- _EXERCISE_
Set down every line of the data exactly, skipping the pictures.

- _EXERCISE DATA_
== Segment start ==
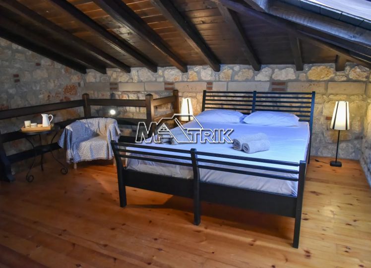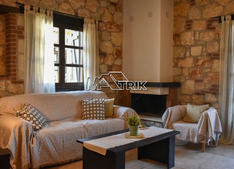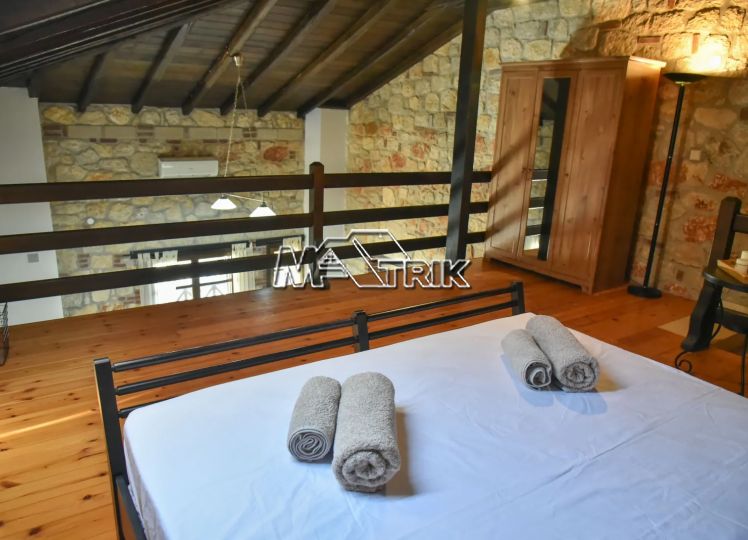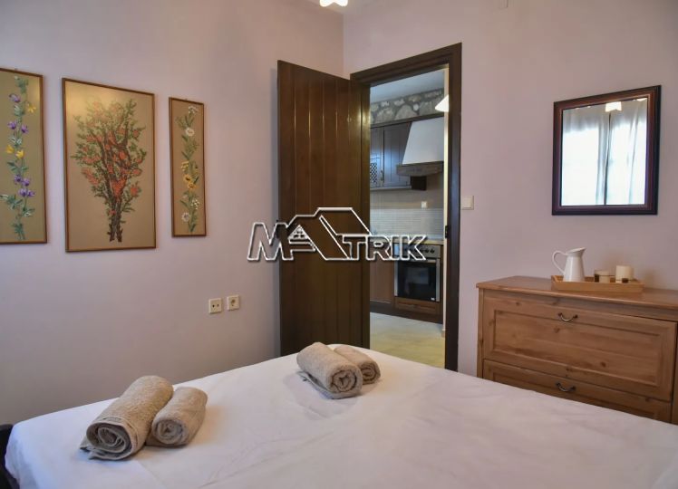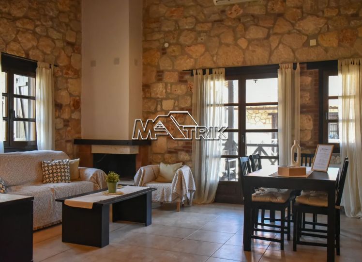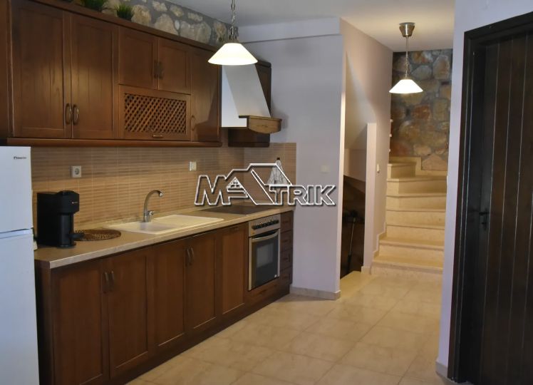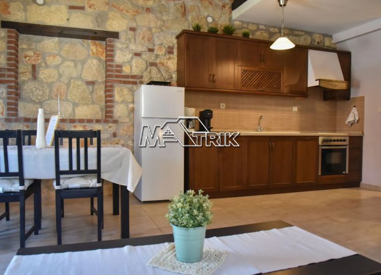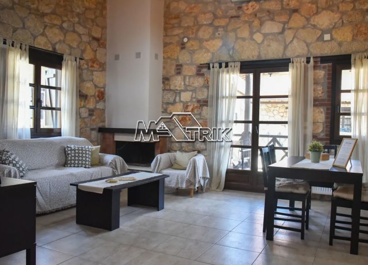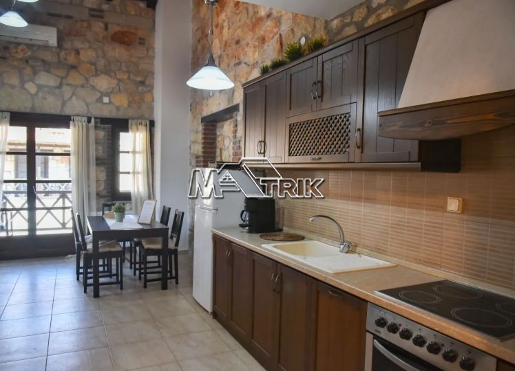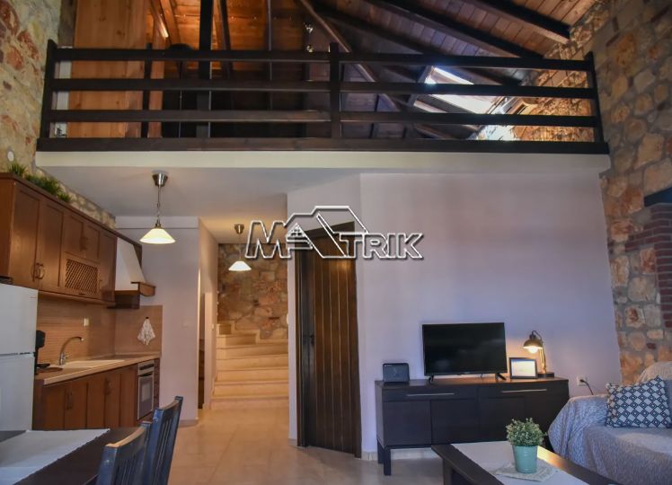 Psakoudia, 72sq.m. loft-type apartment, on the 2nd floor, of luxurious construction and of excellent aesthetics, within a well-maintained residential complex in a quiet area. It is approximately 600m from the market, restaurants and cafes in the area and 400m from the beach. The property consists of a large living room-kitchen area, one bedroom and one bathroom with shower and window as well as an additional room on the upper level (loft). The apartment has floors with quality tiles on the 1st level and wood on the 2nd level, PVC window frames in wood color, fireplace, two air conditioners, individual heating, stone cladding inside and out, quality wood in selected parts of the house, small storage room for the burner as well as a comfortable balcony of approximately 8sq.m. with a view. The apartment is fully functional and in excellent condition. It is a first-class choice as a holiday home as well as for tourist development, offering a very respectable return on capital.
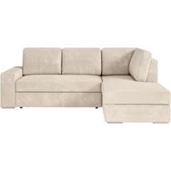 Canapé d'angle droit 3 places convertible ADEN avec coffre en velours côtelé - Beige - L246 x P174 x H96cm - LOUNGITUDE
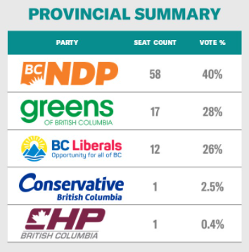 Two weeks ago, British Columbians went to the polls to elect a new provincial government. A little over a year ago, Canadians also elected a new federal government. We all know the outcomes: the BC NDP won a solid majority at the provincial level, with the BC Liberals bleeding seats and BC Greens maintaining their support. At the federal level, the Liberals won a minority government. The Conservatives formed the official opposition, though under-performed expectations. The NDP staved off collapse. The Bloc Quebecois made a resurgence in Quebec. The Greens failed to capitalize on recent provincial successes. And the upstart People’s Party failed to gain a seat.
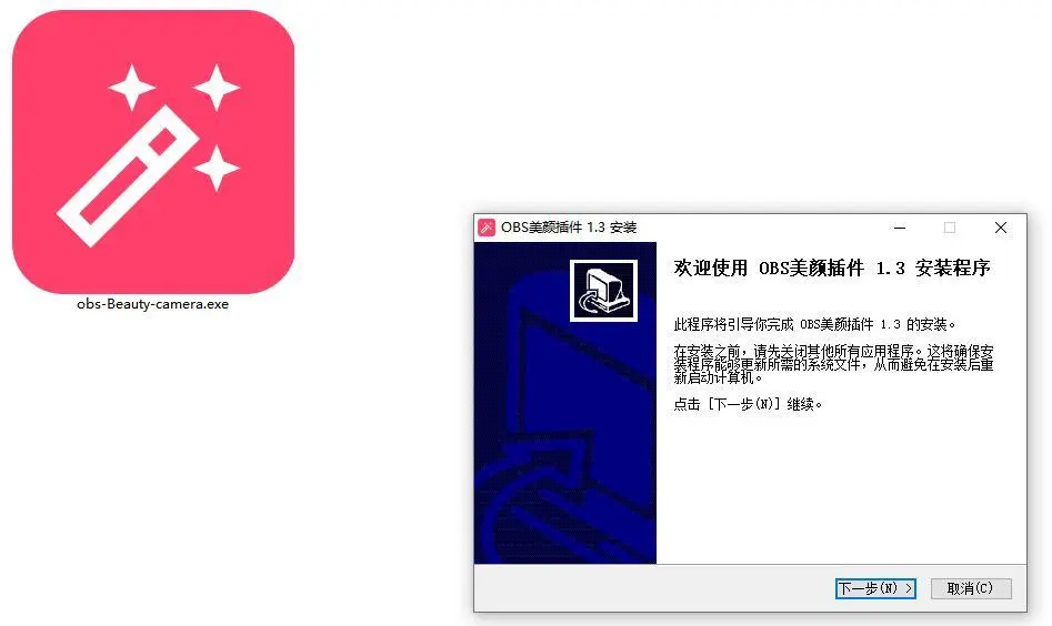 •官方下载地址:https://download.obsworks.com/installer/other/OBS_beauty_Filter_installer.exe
== Segment end ==
- _SOLUTION_
 Psakoudia, 72sq.m. loft-type apartment, on the 2nd floor, of luxurious construction and of excellent aesthetics, within a well-maintained residential complex in a quiet area. It is approximately 600m from the market, restaurants and cafes in the area and 400m from the beach. The property consists of a large living room-kitchen area, one bedroom and one bathroom with shower and window as well as an additional room on the upper level (loft). The apartment has floors with quality tiles on the 1st level and wood on the 2nd level, PVC window frames in wood color, fireplace, two air conditioners, individual heating, stone cladding inside and out, quality wood in selected parts of the house, small storage room for the burner as well as a comfortable balcony of approximately 8sq.m. with a view. The apartment is fully functional and in excellent condition. It is a first-class choice as a holiday home as well as for tourist development, offering a very respectable return on capital.
 Canapé d'angle droit 3 places convertible ADEN avec coffre en velours côtelé - Beige - L246 x P174 x H96cm - LOUNGITUDE
 Two weeks ago, British Columbians went to the polls to elect a new provincial government. A little over a year ago, Canadians also elected a new federal government. We all know the outcomes: the BC NDP won a solid majority at the provincial level, with the BC Liberals bleeding seats and BC Greens maintaining their support. At the federal level, the Liberals won a minority government. The Conservatives formed the official opposition, though under-performed expectations. The NDP staved off collapse. The Bloc Quebecois made a resurgence in Quebec. The Greens failed to capitalize on recent provincial successes. And the upstart People’s Party failed to gain a seat.
 •官方下载地址:https://download.obsworks.com/installer/other/OBS_beauty_Filter_installer.exe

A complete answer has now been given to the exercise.